Question

Two cards are drawn from a shuffled deck. What is the probability that both are red? If ar least one is red, what is the probability that both are red? If one is a red ace, what is the probability that both are red?

Short answer

The probability that both cards are red is \( \frac{25}{102} \). Given at least one red card, the probability is \( \frac{25}{77} \). Given one is a red ace, the probability is \( \frac{25}{51} \).

Step-by-step solution

- Calculate the probability that both cards are red

First, calculate the probability of drawing one red card. There are 26 red cards (hearts and diamonds) in a standard 52-card deck. Probability = \ \ \[ \frac{26}{52} = \frac{1}{2} \] If the first card is red, then there are 25 red cards left out of the remaining 51 cards.Probability of second card being red = \ \ \[ \frac{25}{51} \] Thus, the probability that both cards are red is:\ \ \[ \frac{1}{2} \times \frac{25}{51} = \frac{25}{102} \]

- Calculate the probability that both are red given at least one is red

Use conditional probability. Let A be the event that both are red, and B be the event that at least one is red. We need to find P(A|B).Using the formula for conditional probability, \ \ \[ P(A|B) = \frac{P(A\cap B)}{P(B)} \] Since A is a subset of B, \ \ \[ P(A \cap B) = P(A) = \frac{25}{102} \] To find P(B), use complementary probability:Probability of no red cards (both black) = \ \ \[ \frac{26}{52} \times \frac{25}{51} = \frac{25}{102} \] Thus, \ \ \ \ \[ P(B) = 1 - \frac{25}{102} = \frac{77}{102} \] Then, \ \ \[ P(A|B) = \frac{\frac{25}{102}}{\frac{77}{102}} = \frac{25}{77} \]

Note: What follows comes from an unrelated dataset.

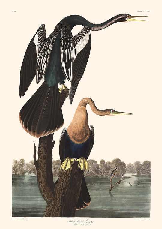 El Darter de vientre negro (Anhinga anhinga) es fascinante no solo por su importancia ecológica, sino también por su estética impactante, como se representa en la ilustración de Audubon. Los ricos colores y la pose realista del pájaro contra un fondo sereno hacen de esta obra de arte un deleite visual, demostrando la experiencia de Audubon en combinar precisión científica con belleza artística.

- Calculate the probability that both are red given one is a red ace

There are 2 red aces in the deck. If one card is a red ace, there are 25 remaining red cards out of 51 cards since one red ace is already drawn. Thus, the probability that the other card is red = \ \ \[ \frac{25}{51} \]

Key concepts

conditional probability

Conditional probability is a measure of the probability of an event occurring given that another event has already occurred. It's denoted as P(A|B), meaning the probability of event A occurring given that event B has occurred. To calculate it, you use the formula: \[ P(A|B) = \frac{P(A \text{ and } B)}{P(B)} \] This concept helps in narrowing down the probability space by focusing only on specific known conditions.
For instance, in our exercise involving two cards: if you know at least one is red, the probability that both are red is simplified because you don't consider cases where both cards are black anymore. Calculating this involves understanding that event B (at least one red) changes the original sample space.

card probability

Card probability refers to the chances of drawing certain cards from a deck. A standard deck has 52 cards with 26 red cards (hearts, diamonds) and 26 black cards (spades, clubs).
In our problem, we first calculate the probability of drawing a red card. This is straightforward: \[ \frac{26}{52} = \frac{1}{2} \]
Once one red card is drawn, the deck has 51 remaining cards, 25 of which are red. So, the probability of drawing another red card: \[ \frac{25}{51} \]
This basic understanding of card distribution and subsequent changes in probabilities is key to solving more complex problems.

combinatorial probability

Combinatorial probability involves calculating probabilities where different combinations of events must be considered. It's useful when dealing with scenarios where order does not matter.
For example, in our exercise, after calculating the probability of both cards being red, we consider the combinations where at least one is red. This requires:

• First, finding the probability of at least one red card, which is easier by determining the complementary event (no red cards).
• Next, subtracting this probability from 1 to get the desired probability.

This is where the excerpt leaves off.